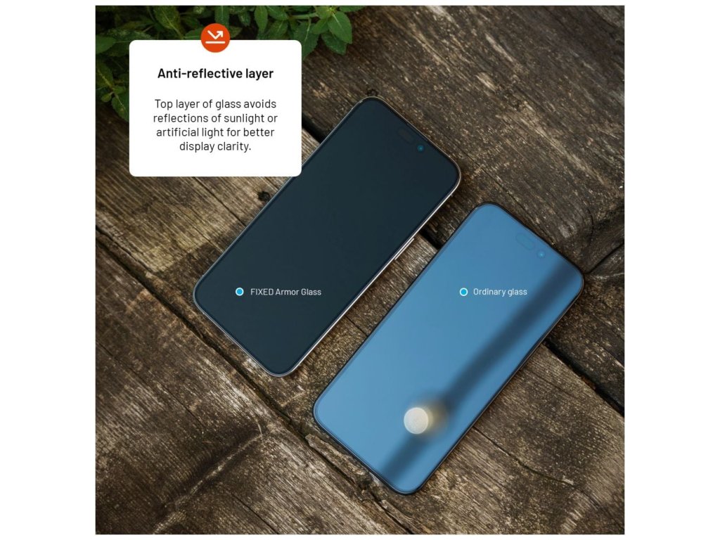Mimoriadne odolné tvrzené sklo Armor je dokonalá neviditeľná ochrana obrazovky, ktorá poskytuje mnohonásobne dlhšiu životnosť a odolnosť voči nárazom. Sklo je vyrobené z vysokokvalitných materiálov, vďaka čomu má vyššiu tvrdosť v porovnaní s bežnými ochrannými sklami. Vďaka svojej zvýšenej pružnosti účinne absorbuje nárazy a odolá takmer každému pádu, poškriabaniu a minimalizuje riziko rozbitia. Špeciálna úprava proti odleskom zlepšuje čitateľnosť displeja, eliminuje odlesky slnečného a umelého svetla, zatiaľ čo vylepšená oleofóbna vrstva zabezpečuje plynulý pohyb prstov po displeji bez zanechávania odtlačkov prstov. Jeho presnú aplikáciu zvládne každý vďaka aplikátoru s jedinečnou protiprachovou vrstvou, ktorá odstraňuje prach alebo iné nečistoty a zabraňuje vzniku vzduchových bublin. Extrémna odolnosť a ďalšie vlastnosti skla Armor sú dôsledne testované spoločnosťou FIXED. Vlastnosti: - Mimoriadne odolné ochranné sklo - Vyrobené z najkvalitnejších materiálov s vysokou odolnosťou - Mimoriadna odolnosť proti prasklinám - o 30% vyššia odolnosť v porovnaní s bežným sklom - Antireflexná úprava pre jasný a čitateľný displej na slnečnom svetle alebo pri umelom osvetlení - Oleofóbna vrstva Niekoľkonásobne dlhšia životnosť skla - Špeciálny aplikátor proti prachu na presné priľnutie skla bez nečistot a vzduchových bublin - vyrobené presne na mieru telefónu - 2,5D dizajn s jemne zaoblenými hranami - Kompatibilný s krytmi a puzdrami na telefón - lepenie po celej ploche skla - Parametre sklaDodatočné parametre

===

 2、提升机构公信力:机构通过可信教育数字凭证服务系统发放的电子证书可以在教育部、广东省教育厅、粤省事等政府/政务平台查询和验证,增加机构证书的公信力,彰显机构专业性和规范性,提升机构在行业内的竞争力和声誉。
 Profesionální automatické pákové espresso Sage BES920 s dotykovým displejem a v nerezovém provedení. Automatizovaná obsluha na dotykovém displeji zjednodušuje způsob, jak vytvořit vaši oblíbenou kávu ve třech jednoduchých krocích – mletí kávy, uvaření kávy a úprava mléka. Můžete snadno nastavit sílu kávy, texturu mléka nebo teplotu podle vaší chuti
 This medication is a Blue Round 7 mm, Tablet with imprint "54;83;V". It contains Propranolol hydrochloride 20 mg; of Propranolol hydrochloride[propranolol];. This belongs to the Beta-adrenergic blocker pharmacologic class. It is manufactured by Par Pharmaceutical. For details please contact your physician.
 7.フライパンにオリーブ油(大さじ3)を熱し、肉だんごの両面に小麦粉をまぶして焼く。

===

Work to complete:
Where the listing above reaches the line that contains "2、提升机构公信力:机构通过", start retyping, and finish with the line that contains "7.フライパンにオリーブ油(大さじ3)を"; reproduce those lines exactly and no others.

Response to this task:
 2、提升机构公信力:机构通过可信教育数字凭证服务系统发放的电子证书可以在教育部、广东省教育厅、粤省事等政府/政务平台查询和验证,增加机构证书的公信力,彰显机构专业性和规范性,提升机构在行业内的竞争力和声誉。
 Profesionální automatické pákové espresso Sage BES920 s dotykovým displejem a v nerezovém provedení. Automatizovaná obsluha na dotykovém displeji zjednodušuje způsob, jak vytvořit vaši oblíbenou kávu ve třech jednoduchých krocích – mletí kávy, uvaření kávy a úprava mléka. Můžete snadno nastavit sílu kávy, texturu mléka nebo teplotu podle vaší chuti
 This medication is a Blue Round 7 mm, Tablet with imprint "54;83;V". It contains Propranolol hydrochloride 20 mg; of Propranolol hydrochloride[propranolol];. This belongs to the Beta-adrenergic blocker pharmacologic class. It is manufactured by Par Pharmaceutical. For details please contact your physician.
 7.フライパンにオリーブ油(大さじ3)を熱し、肉だんごの両面に小麦粉をまぶして焼く。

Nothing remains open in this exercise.